– Алло? Извините, мне Степцова, если вас не затруднит. Сергей Юрьевич, вас беспокоят из поликлиники. Дело в том, что мы никак не можем найти вашу карточку, а у нас переучет. Вы недавно больничный закрыли, не припомните, карточку вашу в регистратуре не поднимали? Ах, сын приходил… Не надо забывать, лучше это делать сразу и самому. Нет, не стоит у него спрашивать, постараемся карточку найти. Да, возможно, отнесли к невропатологу, если вы на учете. Одну минутку, сейчас проверим… Да, совершенно верно, она там, Сергей Юрьевич. А вы не помните, когда ваш сын ставил печать на больничный? Позавчера? Да, все правильно… Спасибо. Нет, теперь все в порядке. Нашли, я же вам говорю, нашли! Не беспокойтесь, Сергей Юрьевич. Извините, до свидания.
– Артистически! – похлопал в ладоши Никита. – Значит, Степцов?
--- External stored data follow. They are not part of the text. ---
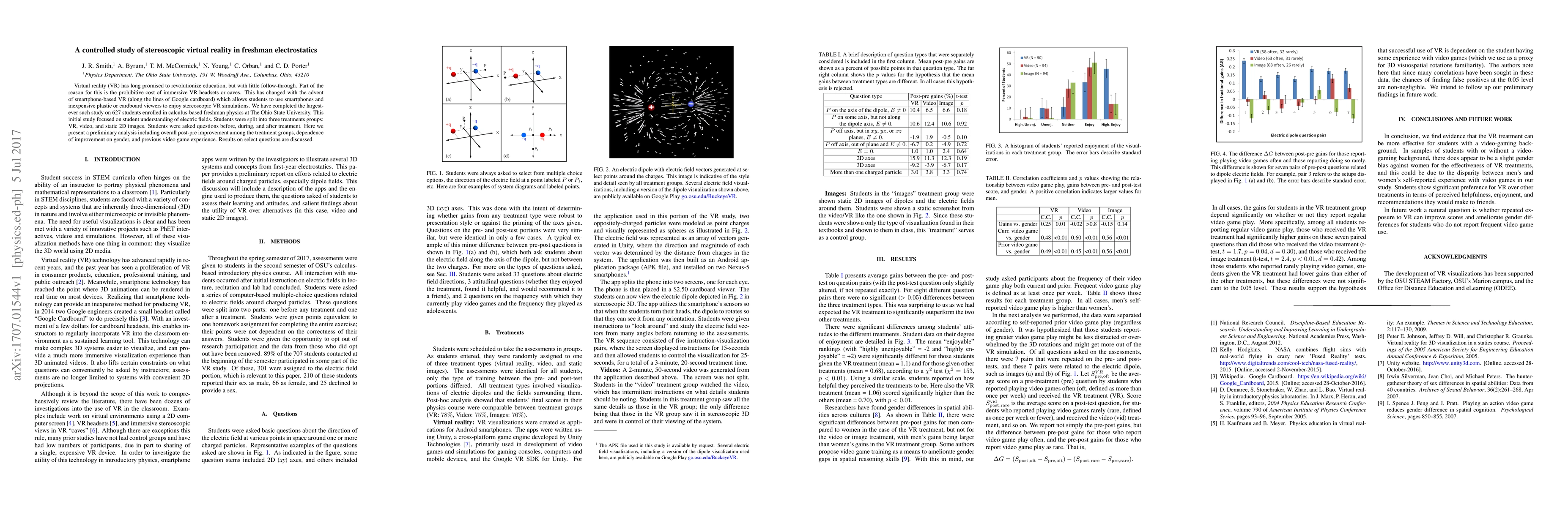Virtual reality (VR) has long promised to revolutionize education, but with little follow-through. Part of the reason for this is the prohibitive cost of immersive VR headsets or caves. This has changed with the advent of smartphone-based VR (along the lines of Google cardboard) which allows students to use smartphones and inexpensive plastic or cardboard viewers to enjoy stereoscopic VR simulations. We have completed the largest-ever such study on 627 students enrolled in calculus-based freshman physics at The Ohio State University. This initial study focused on student understanding of electric fields. Students were split into three treatments groups: VR, video, and static 2D images. Students were asked questions before, during, and after treatment. Here we present a preliminary analysis including overall post-pre improvement among the treatment groups, dependence of improvement on gender, and previous video game experience. Results on select questions are discussed. Several electric field visualizations similar to those used in this study are freely available on Google Play http://go.osu.edu/BuckeyeVR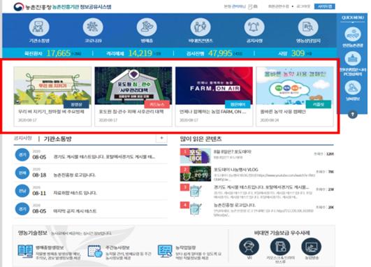 이번에 개편한 농촌진흥기관 정보공유시스템은 각 기관의 우수한 영농기술정보 확산을 위한 기관 소통방을 개설하고, 짧은 동영상과 카드뉴스 등 가독성 높은 비대면 농업기술 콘텐츠 게시, 기관별 비대면 기술보급 우수사례 등을 소개해 농업현장에서 체감하는 영농지도를 위한 길잡이 역할을 하고 있다.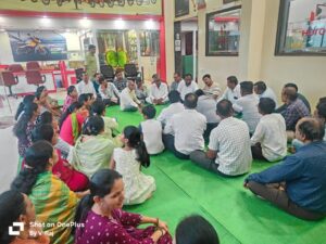ही परिस्थिती लक्षात घेता, आज दिनांक ०७ सप्टेंबर २०२५ रोजी सायंकाळी ६ वाजता हिरो शोरूम, एसबीआय कॉलनी येथे एक विशेष बैठक आयोजित करण्यात आली. या बैठकीस मा. श्री. ज्ञानेश्वर साखरे, मा. श्री. मंगेश ढगे, मा. श्री. राजेंद्र भिसे, रस्ता बांधकाम कंत्राटदार, आणि एसबीआय कॉलनीतील अनेक नागरिक मोठ्या संख्येने उपस्थित होते.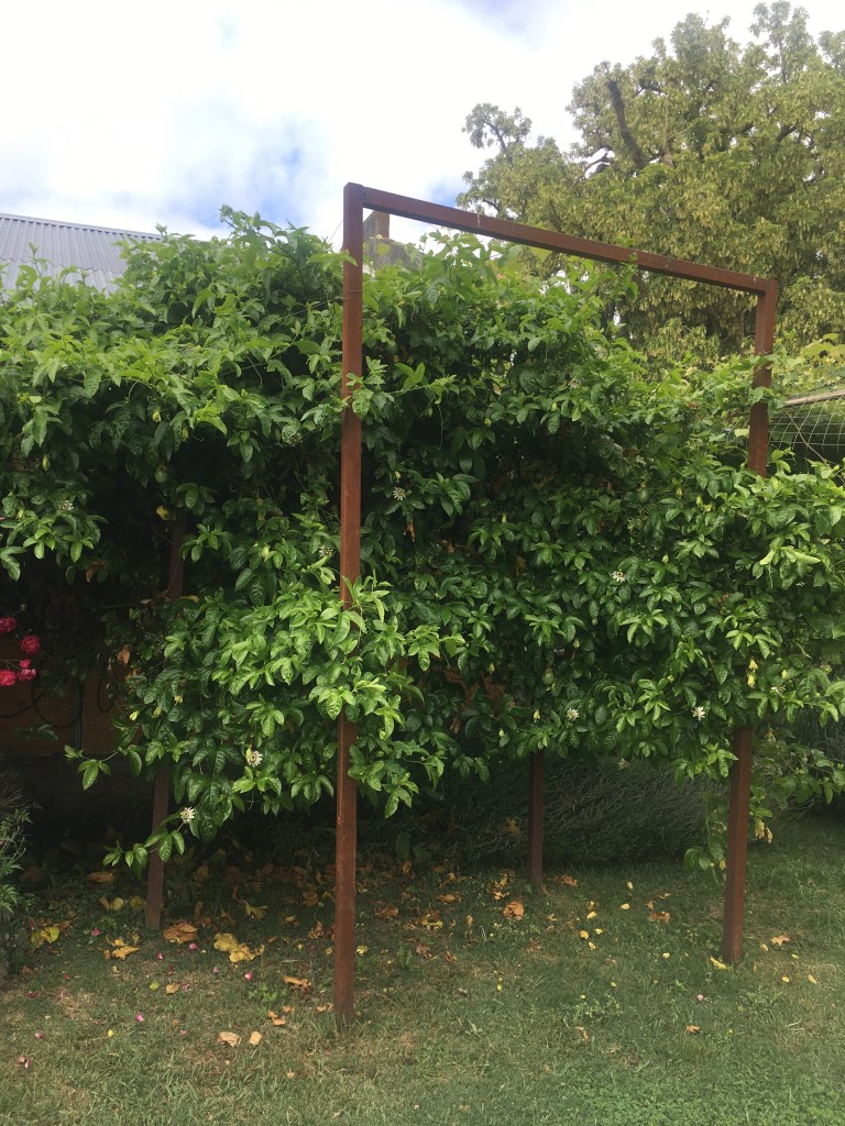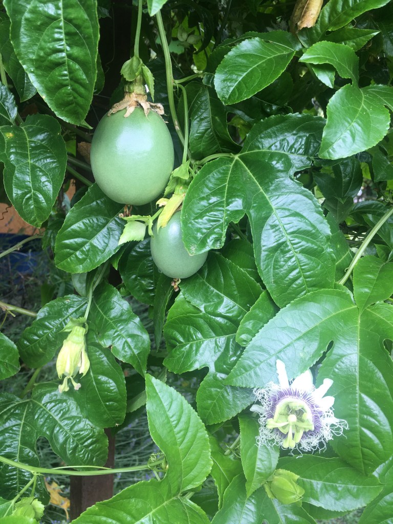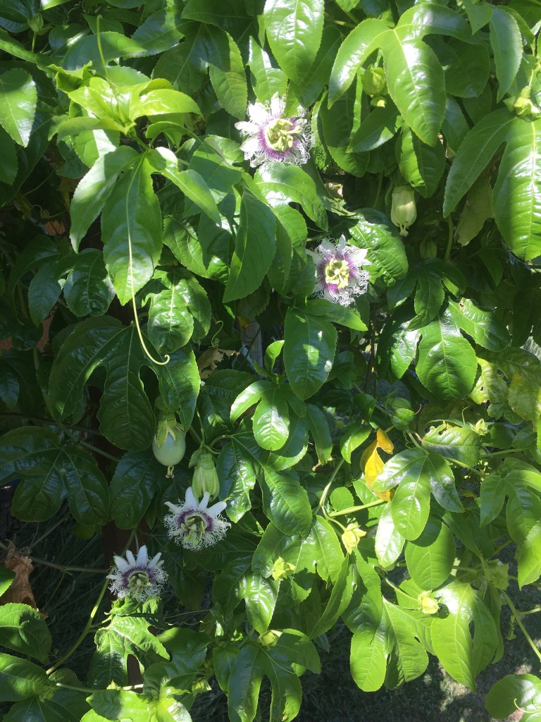 Unsere Maracuja-Planze wuchert munter weiter und hat das zweite Haltegestell mittlerweile auch komplett eingewachsen.

– Степцов. Знакомая фамилия, – сказала задумчиво Наталья, потирая указательный палец, уставший с самого утра крутить телефонный диск.
– Просто редкая, вот и цепляется за слух, – ответил Никита.
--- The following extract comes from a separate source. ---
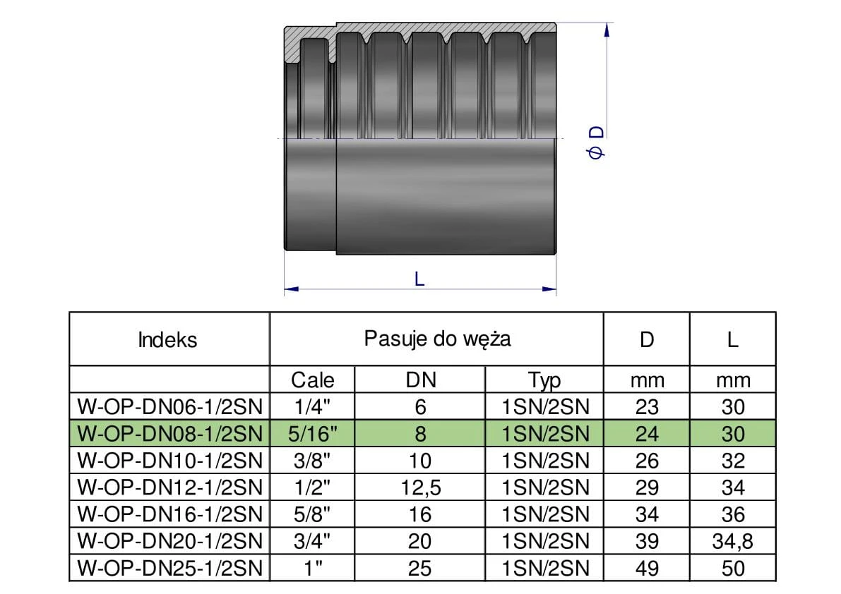 Tuleja (oprawka) uniwersalna do zakuwania węży DN08 1SN/2SN PERFECT-SMOOTH Waryński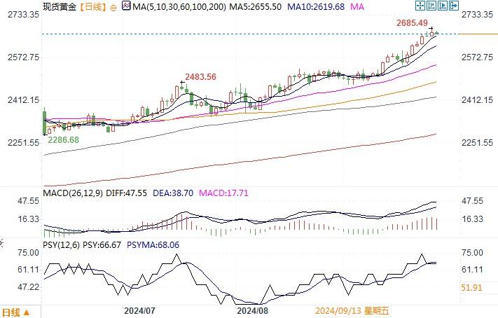 技术层面,黄金价格周四触及2685美元/盎司的纪录高位,各项技术指标保持上倾仍然对买家有利。如果金价延续涨势,突破今年迄今的峰值2685美元/盎司,下一个阻力位将是2700美元/盎司大关。一旦金价攻克上述阻力,那么金价将进一步瞄准2750美元/盎司,然后是2800美元/盎司。另一方面,如果金价高位出现获利调整的走势,下方初步支撑在2650美元/盎司,若跌穿该支撑,进一步则有望测试9月18日高点2600美元/盎司。若黄金继续回落,那么金价接下来要测试的关键支撑位将是9月18日低点2546美元/盎司,之后是50日简单移动平均线(SMA)2488美元/盎司。

– Нет, я ее откуда-то знаю. Степцов… надо проверить по учету несовершеннолетних.
– Проверь, конечно. Значит, это единственный подходящий сын?
– Да. И возраст, и дата отметки больничного…
– Выписывай повестку, Наталья.
– Надо вызвать и девочек, пусть на него посмотрят.
– Если Валентина сможет, обязательно приедет. Но проще бы вызвать этих, городских.
– Конечно, проще, – согласилась Наталья. – Но они как сквозь землю провалились. У Люды телефона домашнего нет, у Татьяны есть, но не отвечает – я звонила дважды. Может быть, лучше съездить к ним?
– А что, можно. Только отдохни все-таки. Ты так вторые сутки тут и сидишь?
– Ничего, я не хочу спать. Да и ночь была спокойная, удалось вздремнуть.
– Лидочка у мамы?
– Конечно.
– Не ворчит?
– Кто? Мама?
– Обе.
– Лидочка ноет, мама ворчит, но не очень: медленно, но верно обращает девчонку в свою веру. Испортит она мне ее, это точно. Слова «нельзя» там просто не услышишь. Да… но где же все-таки наши девушки могут быть? Стоило Людмиле звонить ночь-полночь…
– Почему ночь-полночь? – удивился Никита.
– А я… поздно домой вернулась позавчера, – сказала Наталья, и сердце ее задрожало.
Никита посмотрел на нее, потом придвинул к себе бланк повестки и начал его заполнять.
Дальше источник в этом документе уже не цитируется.